START INFORMATION SHOWN

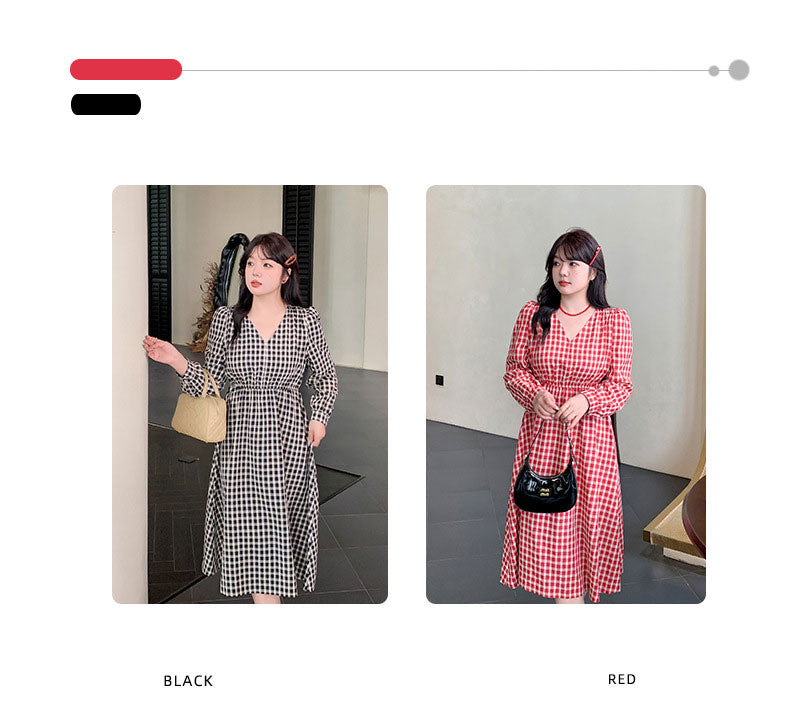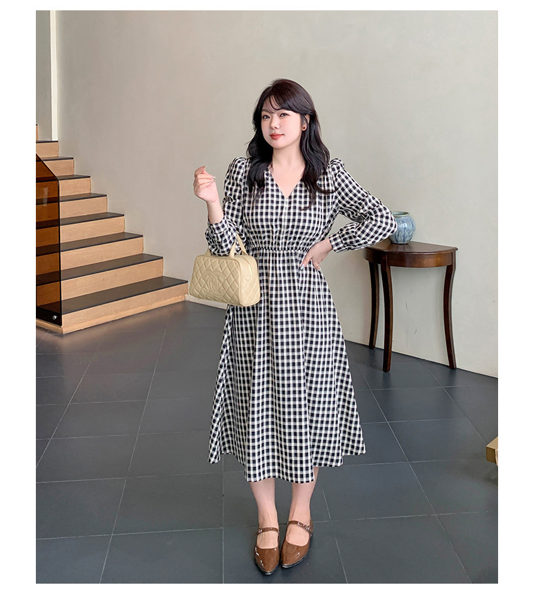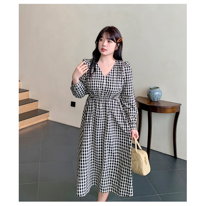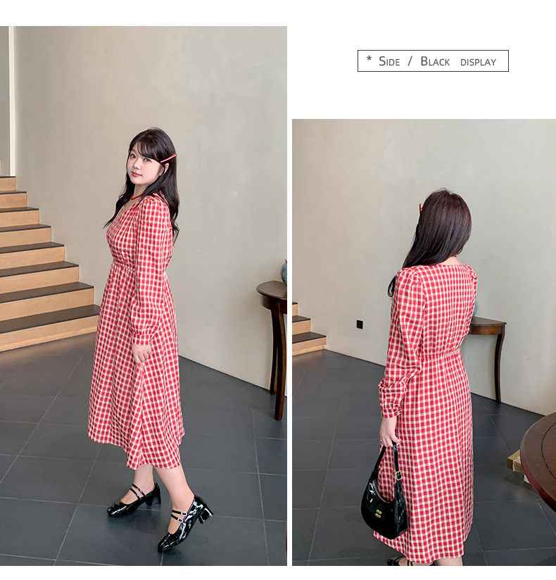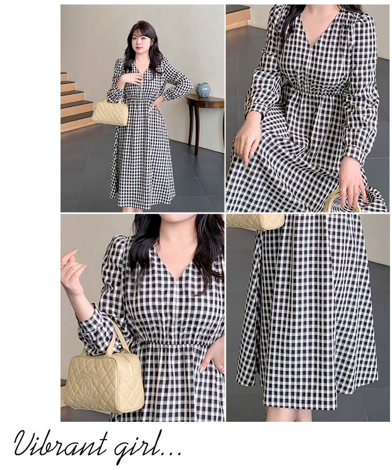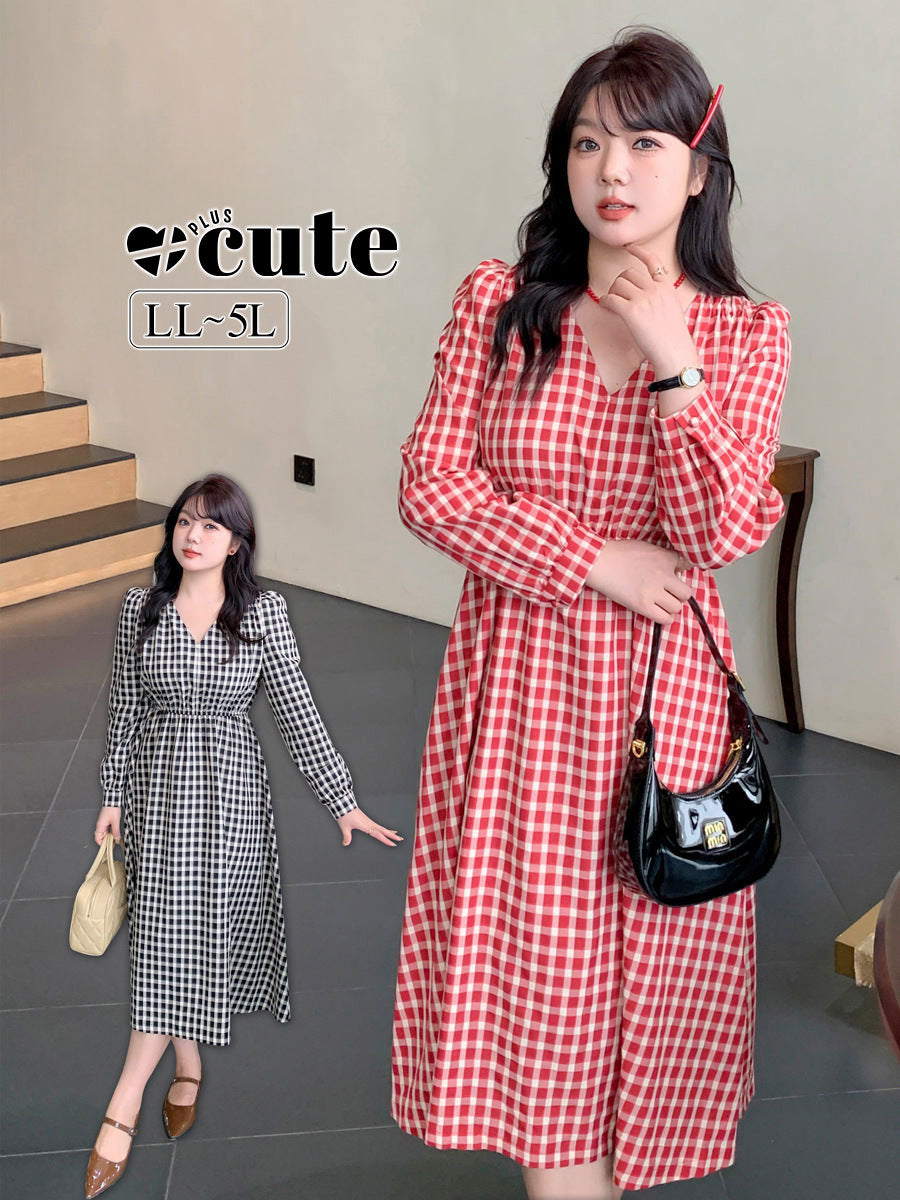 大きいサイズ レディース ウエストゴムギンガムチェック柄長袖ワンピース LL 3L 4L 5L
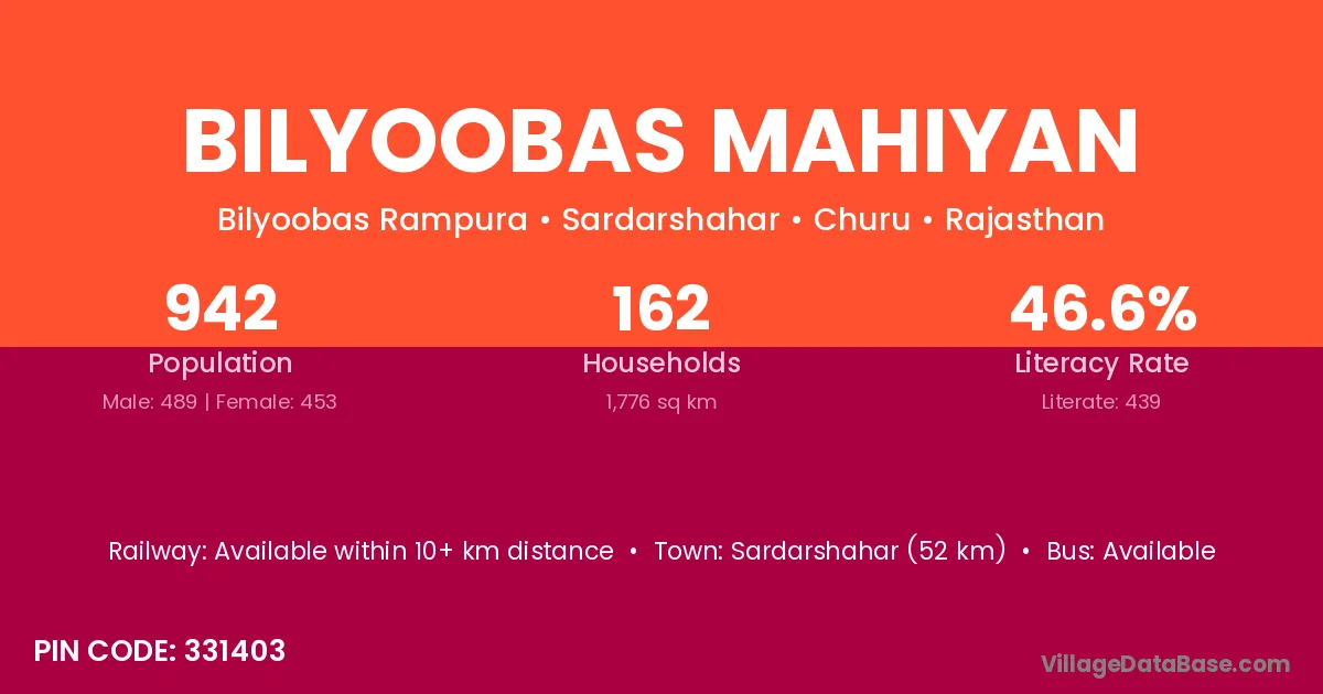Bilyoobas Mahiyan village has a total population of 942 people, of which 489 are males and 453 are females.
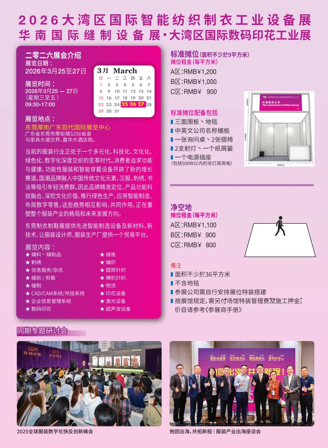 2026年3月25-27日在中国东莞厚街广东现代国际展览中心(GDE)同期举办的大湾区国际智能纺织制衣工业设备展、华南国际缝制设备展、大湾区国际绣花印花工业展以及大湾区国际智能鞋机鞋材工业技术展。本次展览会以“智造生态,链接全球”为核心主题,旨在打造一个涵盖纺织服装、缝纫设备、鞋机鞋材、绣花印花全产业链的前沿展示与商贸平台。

END INFORMATION SHOWN

**AIM OF THE TASK**
Do not include the pictures. Quote only the lines from the line with "Bilyoobas Mahiyan village" through the end of the material, both ends included, exactly.

**EXPECTED ANSWER**
Bilyoobas Mahiyan village has a total population of 942 people, of which 489 are males and 453 are females.
 2026年3月25-27日在中国东莞厚街广东现代国际展览中心(GDE)同期举办的大湾区国际智能纺织制衣工业设备展、华南国际缝制设备展、大湾区国际绣花印花工业展以及大湾区国际智能鞋机鞋材工业技术展。本次展览会以“智造生态,链接全球”为核心主题,旨在打造一个涵盖纺织服装、缝纫设备、鞋机鞋材、绣花印花全产业链的前沿展示与商贸平台。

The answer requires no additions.